You have found your way into what (in my experience) is the greatest event and
place for change that has ever existed anywhere.  In finding yourself here I can
tell you that MIP and the Al-Anon Family Groups cannot do anything for your son
and that "God can and will if he (your son) seeks help."  We are here for you and
can show you what the disease of alcoholism has done to our lives and how we
survived and learned to live free of fear, guilt and shame in spite of it. 

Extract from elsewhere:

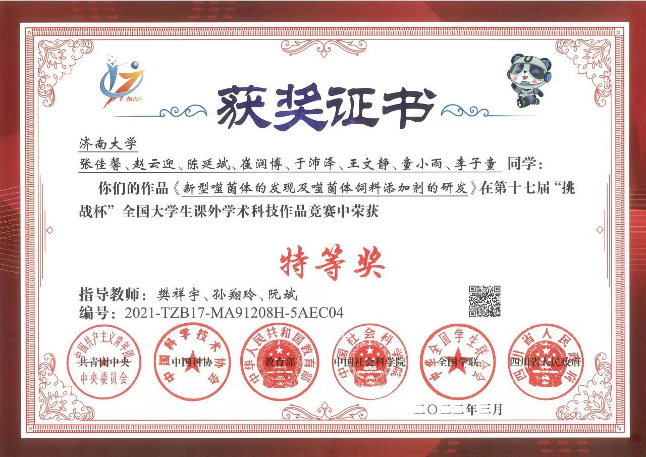 科创育人成果丰硕,赛教融合再创佳绩。学院荣获全国大学生生命科学竞赛(2022,创新创业类)“优秀组织单位”,获国家级“特等奖”两项,分别是第十七届“挑战杯”全国大学生课外学术科技作品竞赛国赛特等奖和全国大学生生命科学竞赛(2022,创新创业类)特等奖,相关新闻先后被大众日报、搜狐网、新浪网、山东教育第一媒体和学校官网纷纷转载报道。举办各级各类科创专题培训会、宣讲会、青春创新创业论坛10余次,学院团委书记崔爱萍为化学化工学院、水利与环境学院、体育学院3个兄弟学院做“科创筑新梦,青春向未来”专题讲座,通过新媒体平台发布“科创Zone”,宣传科创赛事,讲解科创知识。此外,在第十三届“挑战杯”山东省大学生创业计划竞赛中获得金奖3项;在第八届山东省“互联网+”大学生创新创业大赛中获得主赛道金奖1项、银奖1项,产业命题赛道金奖1项;在第九届山东省科技创新大赛中获二等奖1项、三等奖1项;在全国大学生生命科学竞赛(2022,创新创业类)中获一等奖2项、二等奖1项、三等奖3项;在全国大学生生命科学竞赛(2022,创新创业类)山东省赛区决赛中获得一等奖1项、二等奖2项、三等奖1项;在全国大学生生命科学竞赛(2022,科学探究类)中获得三等奖4项;在全国大学生生命科学竞赛(2022,科学探究类)山东省赛区决赛中获得一等奖1项、二等奖3项、三等奖3项;在第十四届山东省大学生科技节-山东省大学生生物学大赛中获得一等奖4项、二等奖3项、三等奖6项。本年度共获大学生科创省级及以上奖励的奖项44项,获奖学生254人次。

Here are some of the suggestions I was given and over time followed thru on when
I first got here as a wreck...mind, body, spirit and emotions.   Get to as many
meetings of the Al-Anon Family Groups as I could in the first 90 days.  (suggestion
was 90/90 and I got to more as there were many more available) While there sit
down and listen, learn the 12 steps and 12 traditions and the slogans.  Get as
much literature as I could on the disease of alcoholism and read it all.  Learn about
and find a power greater than myself and keep and open mind about it all.  Reach
out for help from others and "ask for help" always. (hard one for me then).  
Practice, Practice, Practice what I learn.

You have started to let go of your son.  I don't know if your motivation is that God
can do for you and him what you cannot or that you are angry or just too tired or
any other motivation...however...the first three steps of our recovery program is
the "letting go steps".  It sounds like you are ready.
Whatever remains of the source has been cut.